WHAT YOU NEED TO DO. In the data below, the copy begins at the line containing "Calamaio in argento" and runs through the last line; repeat those lines exactly, minus the pictures.

STORED DATA.
******
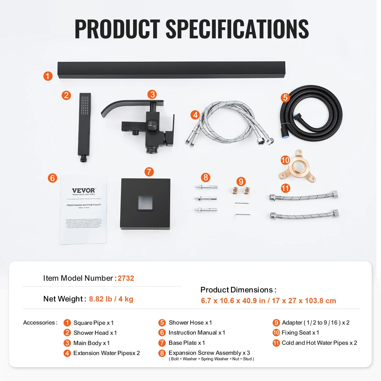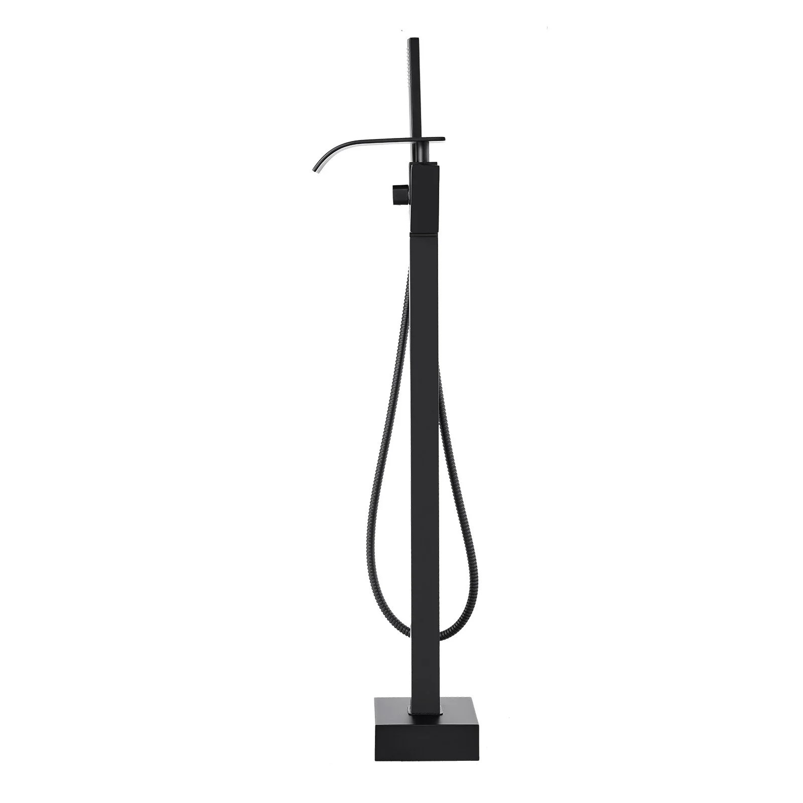 This freestanding bathtub faucet undergoes anti-corrosion and anti-rust matte black treatment, exuding a luxurious feel with its matte texture, especially in black. Key components are made of high-quality brass for durability, and the stable triangular base ensures it stands firmly. Plus, the square decorative cover adds style while keeping dust away. Elevate your bathroom effortlessly!
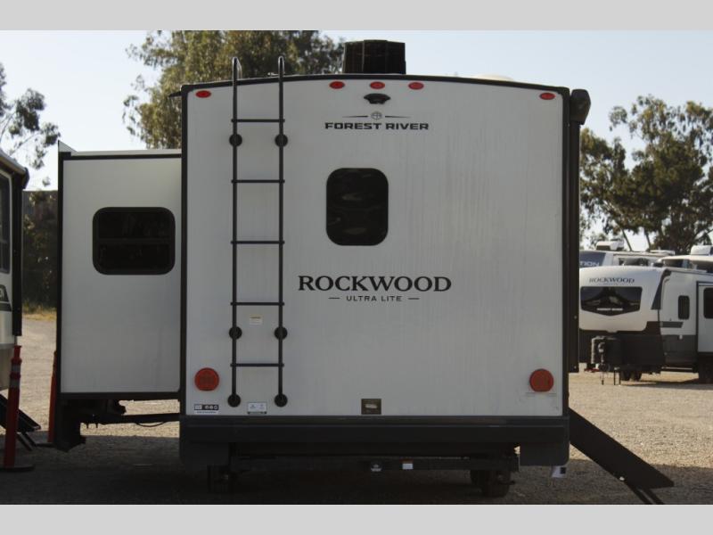 Each Rockwood Ultra Lite travel trailer by Forest River includes superior construction with a high gloss fiberglass cap, aluminum cage construction, and a power awning with LED lighting for a cozy and functional outdoor space. The torsion axle, power tongue jack will make towing smooth and hassle-free, along with the nitrogen filled, Goodyear Endurance tires and the tire pressure monitor system. Interior comforts include kitchen sink with high rise faucet, hidden hinge cabinet doors, and roller shades to name a few. Choose a Rockwood Ultra Lite travel trailer today!
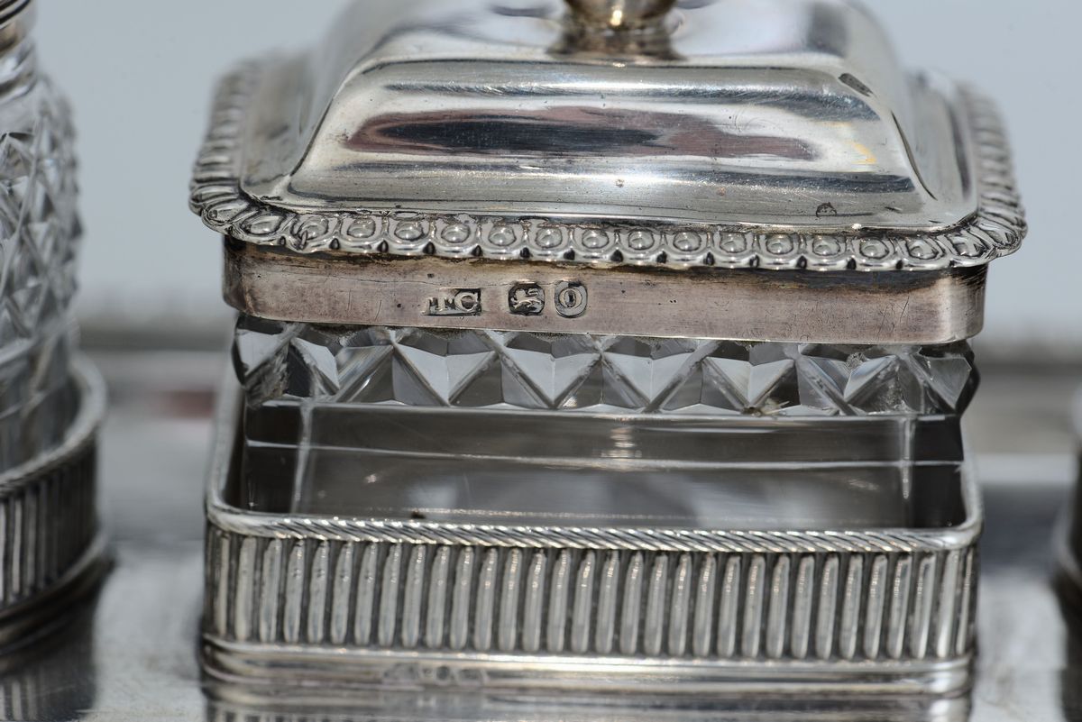 Calamaio in argento sterling e cristallo, Inghilterra XIX secolo, punzoni della città di Londra per l’anno 1829 e dell’argentiere John Clarke
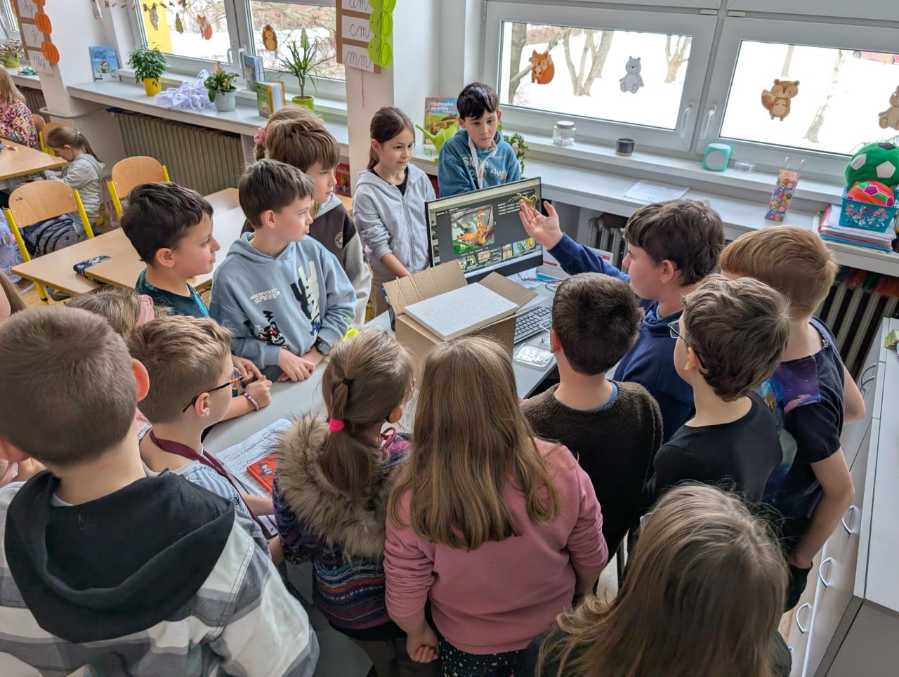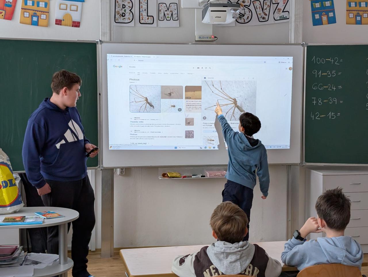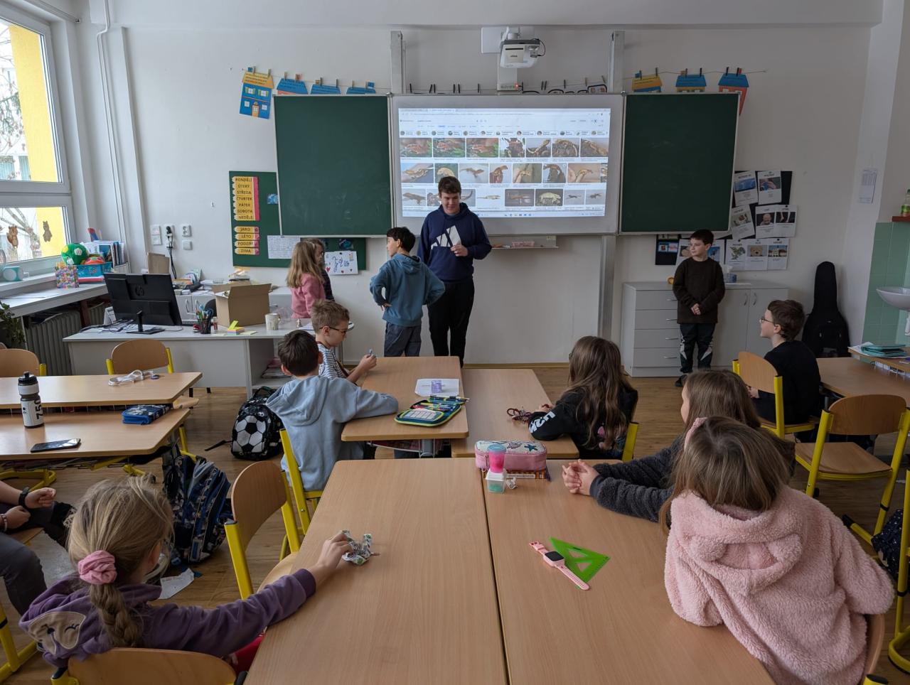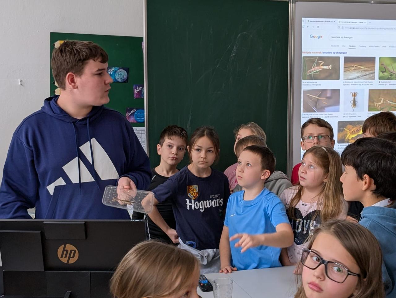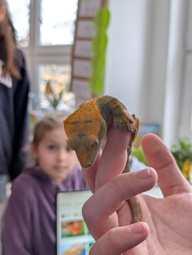 Ve třídě 3.A nás navštívil kamarád Dominik a vyprávěl nám o drobném zvířectvu. Přinesl s sebou živé exempláře strašilky, pagekona řasnatého, kudlanku, největší kobylku a cvrčky.
******
WRITTEN RESPONSE.
 Calamaio in argento sterling e cristallo, Inghilterra XIX secolo, punzoni della città di Londra per l’anno 1829 e dell’argentiere John Clarke
 Ve třídě 3.A nás navštívil kamarád Dominik a vyprávěl nám o drobném zvířectvu. Přinesl s sebou živé exempláře strašilky, pagekona řasnatého, kudlanku, největší kobylku a cvrčky.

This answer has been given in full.